An inVia Micro-Raman set-up from Renishaw, equipped with a λ = 785 nm CW laser source, was used for acquiring Raman spectra. An Andor-camera technology detector, with a 1200 lines per mm grating, a spectral resolution of 0.1 cm−1, laser power P = 200 μW, a 60× WI and 50× objectives were used for all the measurements. In the experiments, the optical source was linearly polarized.

4.4 Software support

The commercial software WiRE 3.4 by Renishaw was used for set-up managing, data acquisition and analysis (spectra post-processing and PCA). Remaining statistical analysis and the generation of curcumin bi-dimensional maps were performed in OriginPro 9.1.0 by OriginLab.

4.5 Acquiring Raman spectra

The laser was switched on 20 minutes before the sample measurement. Raman spectra of p-doped, 100, 10–20 ohm cm−1, silicon substrates were acquired as a reference and to correct fluctuations of the power source over time. The following settings were used for acquiring the reference silicon spectra and sample spectra: laser power P = 10 mW and exposure time t = 0.1 s. For silicon spectra, a 50× objective in air and a frequency spectral range of 100–3200 cm−1 were used. The intensity of the spectrum of silicon measured at 521 cm−1 was used for the first normalization of data at different time points. For acquiring sample spectra, we used the following procedure: (i) each particle was centered in a squared region of interest (ROI) with 37.5 μm edge length; (ii) Raman spectra were acquired with a resolution of 2.5 μm in both directions resulting in 225 total spectra per sample; a (iii) 60× WI objective was used for measurements in a wet environment; (iv) 800–2000 cm−1 spectral range. These settings avoid PLGA degradation, still assuring an elevated spectral resolution. It must be noted that the orientation of the particles in the ROI is random. For bulk curcumin and bulk PLGA the acquisition was done under dry conditions.

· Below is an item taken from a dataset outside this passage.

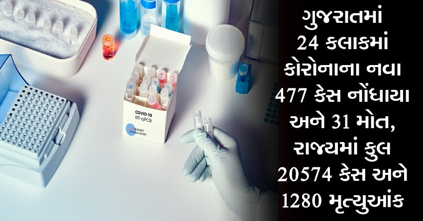ગુજરાતમાં 24 કલાકમાં કોરોનાના નવા 477 કેસ નોંધાયા અને 31 મોત, રાજ્યમાં કુલ 20574 કેસ અને 1280 મૃત્યુઆંક, 13964 દર્દીઓ ડિસ્ચાર્જ
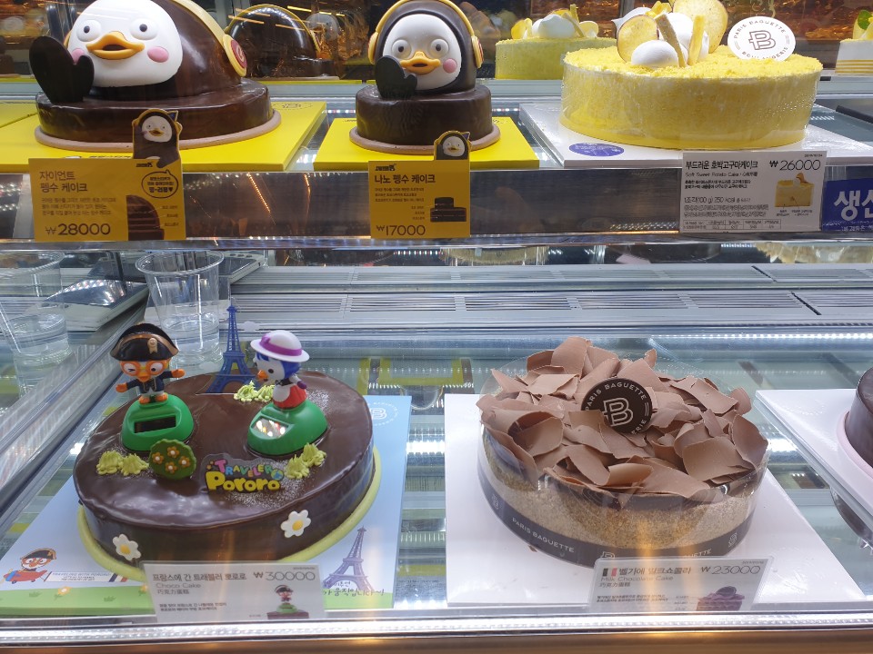 얼마전 들렀던 파리바게뜨 케익 가격입니다. 아이들이 좋아할만한 뽀로로 케익 가격은 30,000원이고요, 자이언트 펭수 케이크는 28,000원, 나노 펭수 케이크는 17,000원 입니다.

4.6 Post-processing of data

Post-processing of the data combines PCA multivariate analysis as a first step and univariate analysis as a second step, according the following procedures:

(i) Row data for each sample were processed using the PCA module installed in WiRE 3.4. Then, the profiles of curcumin loaded inside μPL profiles (from now on “loading profiles”) and scatter plots (ESI Fig. S1.1 and 1.2c, respectively) associated with the first three principal components PC1, PC2 and PC3 were derived.

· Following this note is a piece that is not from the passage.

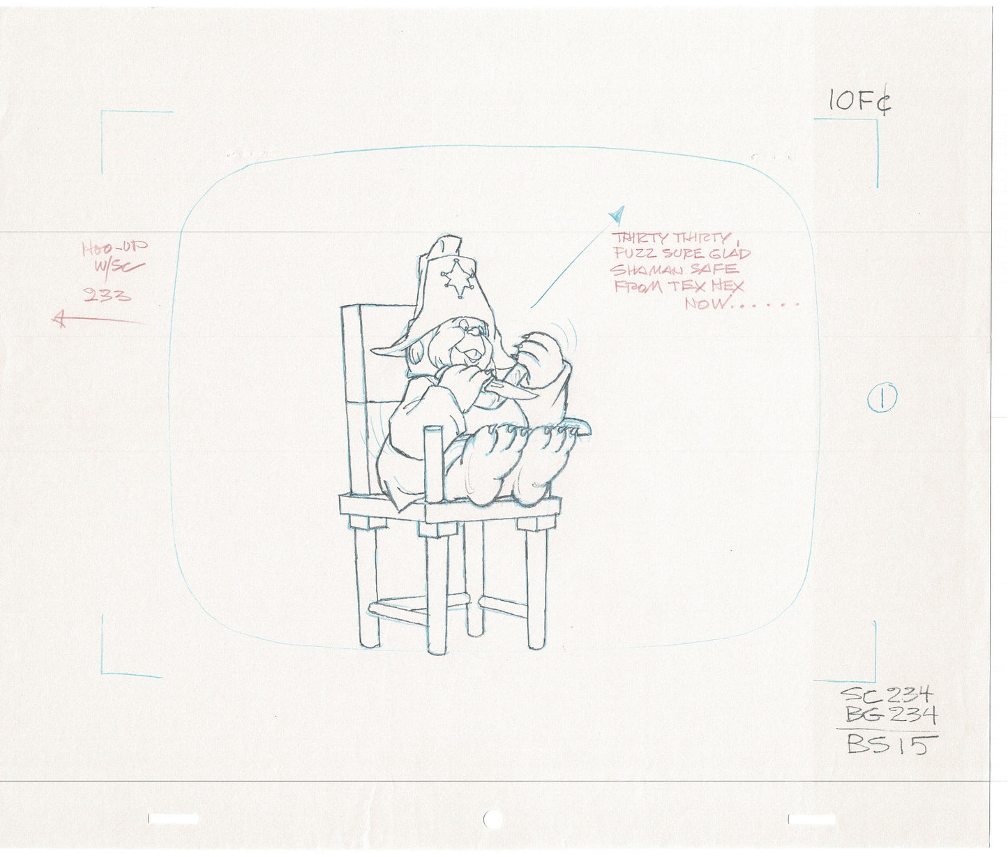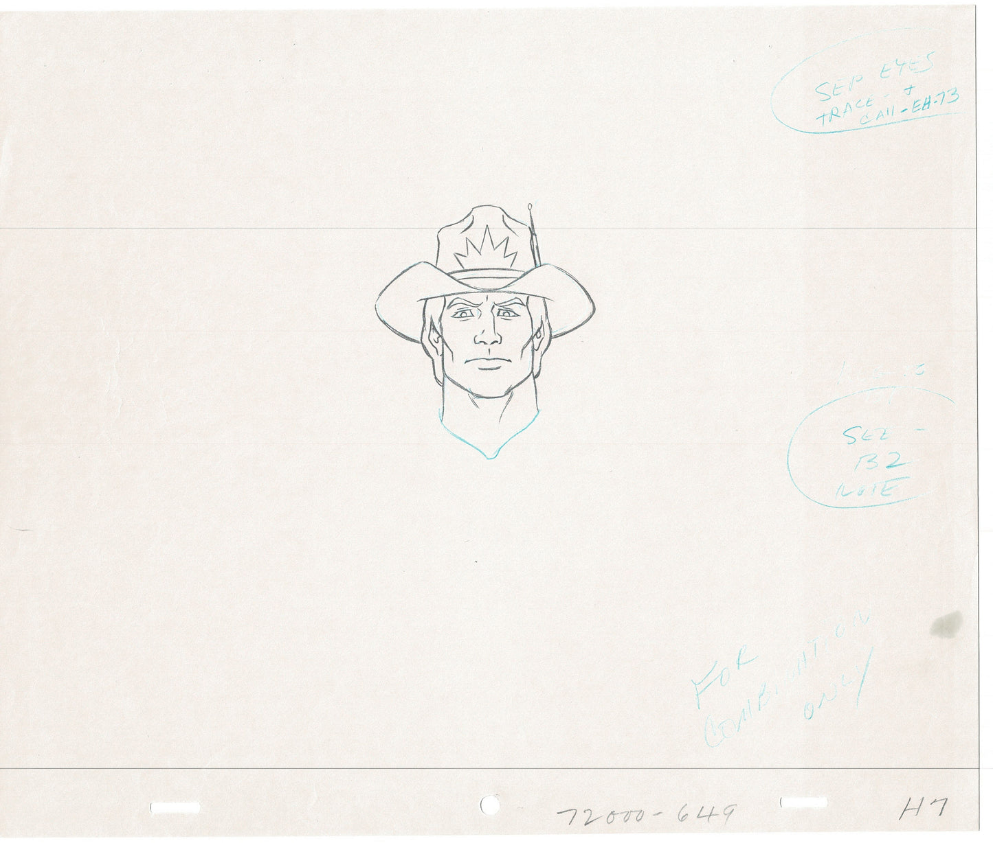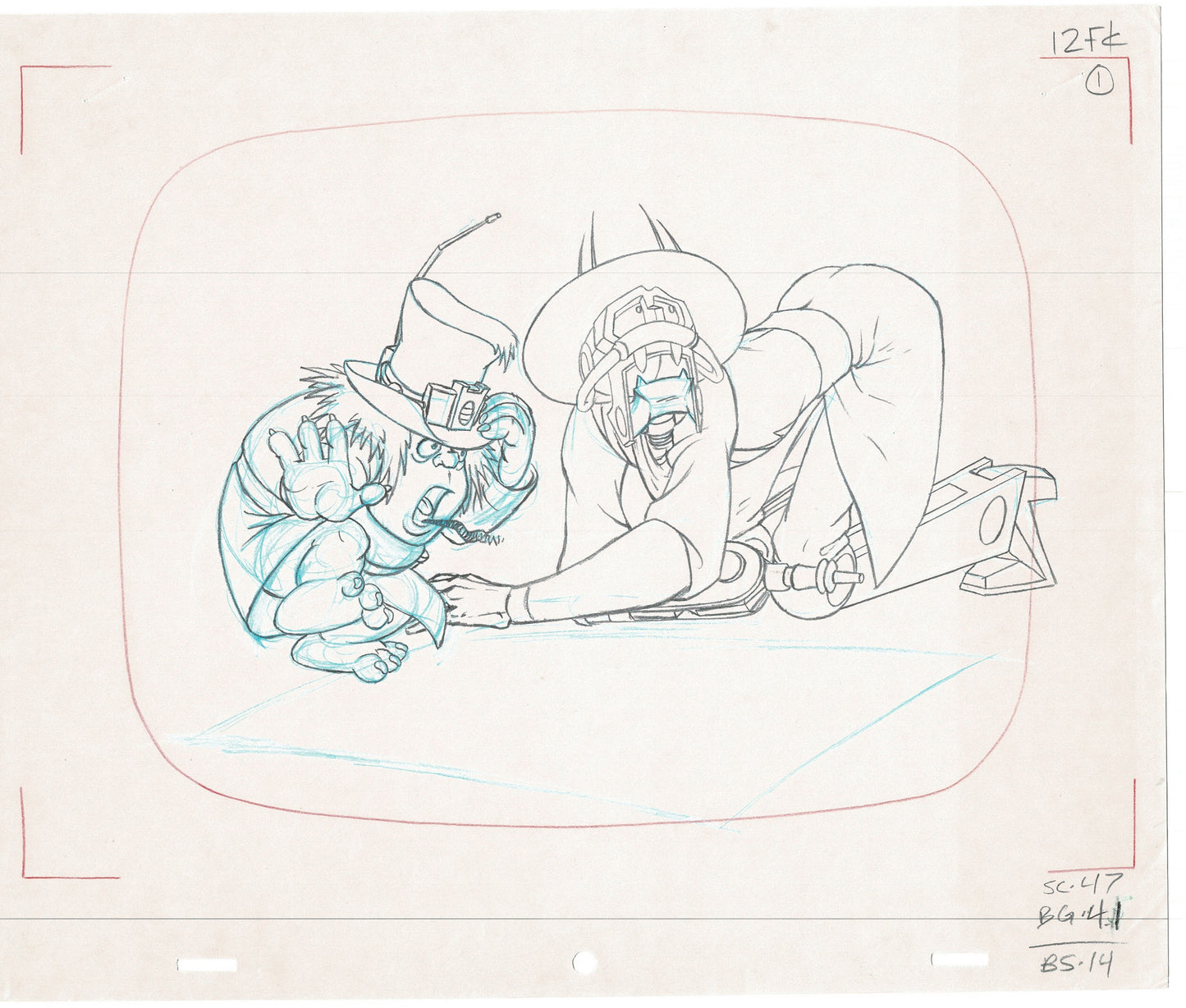 Animation production drawings are where the real art is in animation. We have a whole bunch of these up for sale from this episode. Some have folds, tears, parts that are photocopied, etc. Measures approx 10.5" x 12.5". Yellowed with age.

(ii) The PC2 loading profile, that provides information about the curcumin content in a particle, is super-imposed on the Raman spectrum of bulk curcumin. In this way, 6 characteristic modes (νj, j = 1, …, 6) are correctly assigned to curcumin (Fig. 2 and Table 1). For particle analysis, the sole ν1 = 1630 cm−1 Raman shift was used, because it retains the higher level of information. The peak measured at νSi = 941 cm−1 within the PC1 loading profile may be ascribed to the phononic resonance of silicon in the second order and was used for the second normalization procedure.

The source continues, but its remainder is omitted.